WORK INSTRUCTIONS
Restate word for word the lines below from the one that has "Spread holiday cheer" through the one that has "A medianoche el", keeping both and dropping all pictures.

AVAILABLE RECORDS

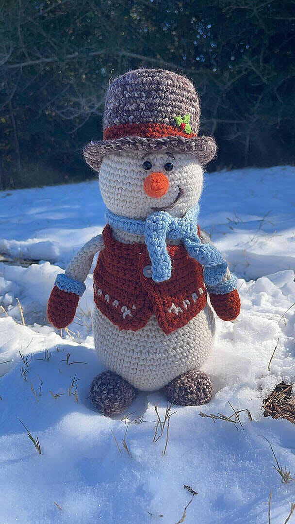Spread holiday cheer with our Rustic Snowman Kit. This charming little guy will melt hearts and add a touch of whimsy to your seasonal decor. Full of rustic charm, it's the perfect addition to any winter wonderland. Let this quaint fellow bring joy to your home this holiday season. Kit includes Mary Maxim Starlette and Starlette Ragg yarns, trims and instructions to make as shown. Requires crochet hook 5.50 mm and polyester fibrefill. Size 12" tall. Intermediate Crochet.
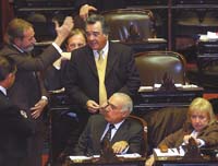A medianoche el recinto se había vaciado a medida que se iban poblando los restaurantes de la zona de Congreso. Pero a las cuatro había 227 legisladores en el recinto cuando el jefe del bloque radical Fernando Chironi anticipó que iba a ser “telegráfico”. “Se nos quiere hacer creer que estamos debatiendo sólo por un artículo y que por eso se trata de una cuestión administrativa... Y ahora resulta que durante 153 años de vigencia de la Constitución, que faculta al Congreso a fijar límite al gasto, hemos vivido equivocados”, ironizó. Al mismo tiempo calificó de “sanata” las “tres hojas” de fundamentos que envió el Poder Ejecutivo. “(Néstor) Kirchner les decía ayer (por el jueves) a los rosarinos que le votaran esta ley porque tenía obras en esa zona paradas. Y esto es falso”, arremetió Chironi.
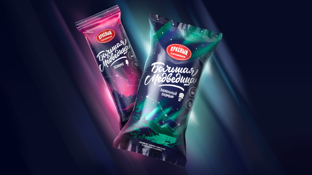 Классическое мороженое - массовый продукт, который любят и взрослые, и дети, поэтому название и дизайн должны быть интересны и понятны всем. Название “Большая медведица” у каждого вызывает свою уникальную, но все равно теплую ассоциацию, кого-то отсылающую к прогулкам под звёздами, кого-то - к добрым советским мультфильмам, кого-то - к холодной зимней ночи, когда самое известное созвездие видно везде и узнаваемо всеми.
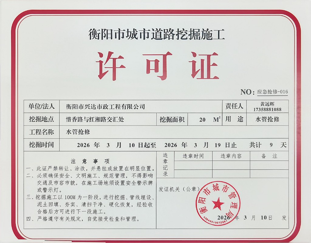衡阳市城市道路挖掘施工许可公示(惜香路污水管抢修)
--
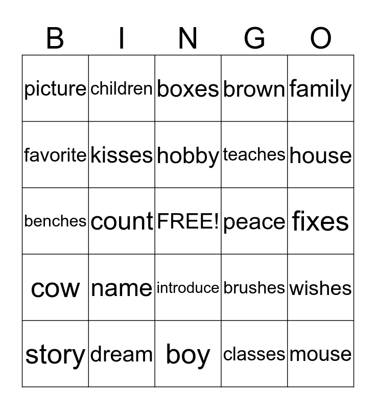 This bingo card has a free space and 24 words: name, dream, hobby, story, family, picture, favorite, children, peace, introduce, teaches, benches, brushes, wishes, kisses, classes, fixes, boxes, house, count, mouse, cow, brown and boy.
...
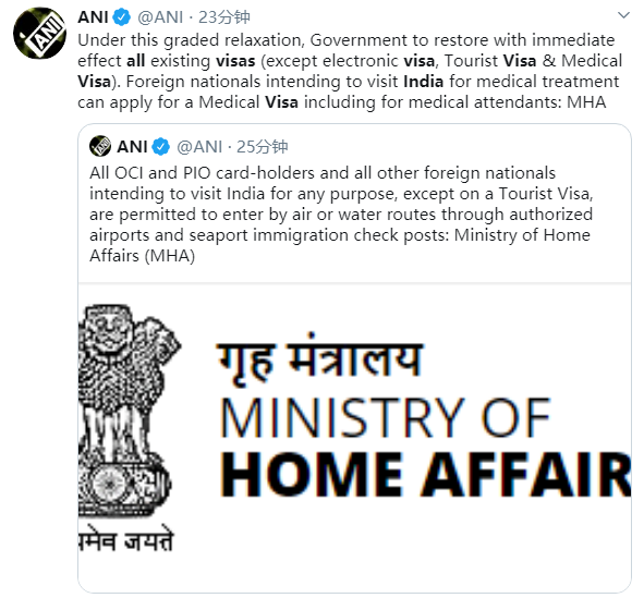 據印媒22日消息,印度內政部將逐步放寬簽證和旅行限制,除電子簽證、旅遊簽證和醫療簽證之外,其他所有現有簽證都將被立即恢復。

RESPONSE TO THE EXERCISE
Spread holiday cheer with our Rustic Snowman Kit. This charming little guy will melt hearts and add a touch of whimsy to your seasonal decor. Full of rustic charm, it's the perfect addition to any winter wonderland. Let this quaint fellow bring joy to your home this holiday season. Kit includes Mary Maxim Starlette and Starlette Ragg yarns, trims and instructions to make as shown. Requires crochet hook 5.50 mm and polyester fibrefill. Size 12" tall. Intermediate Crochet.
A medianoche el recinto se había vaciado a medida que se iban poblando los restaurantes de la zona de Congreso. Pero a las cuatro había 227 legisladores en el recinto cuando el jefe del bloque radical Fernando Chironi anticipó que iba a ser “telegráfico”. “Se nos quiere hacer creer que estamos debatiendo sólo por un artículo y que por eso se trata de una cuestión administrativa... Y ahora resulta que durante 153 años de vigencia de la Constitución, que faculta al Congreso a fijar límite al gasto, hemos vivido equivocados”, ironizó. Al mismo tiempo calificó de “sanata” las “tres hojas” de fundamentos que envió el Poder Ejecutivo. “(Néstor) Kirchner les decía ayer (por el jueves) a los rosarinos que le votaran esta ley porque tenía obras en esa zona paradas. Y esto es falso”, arremetió Chironi.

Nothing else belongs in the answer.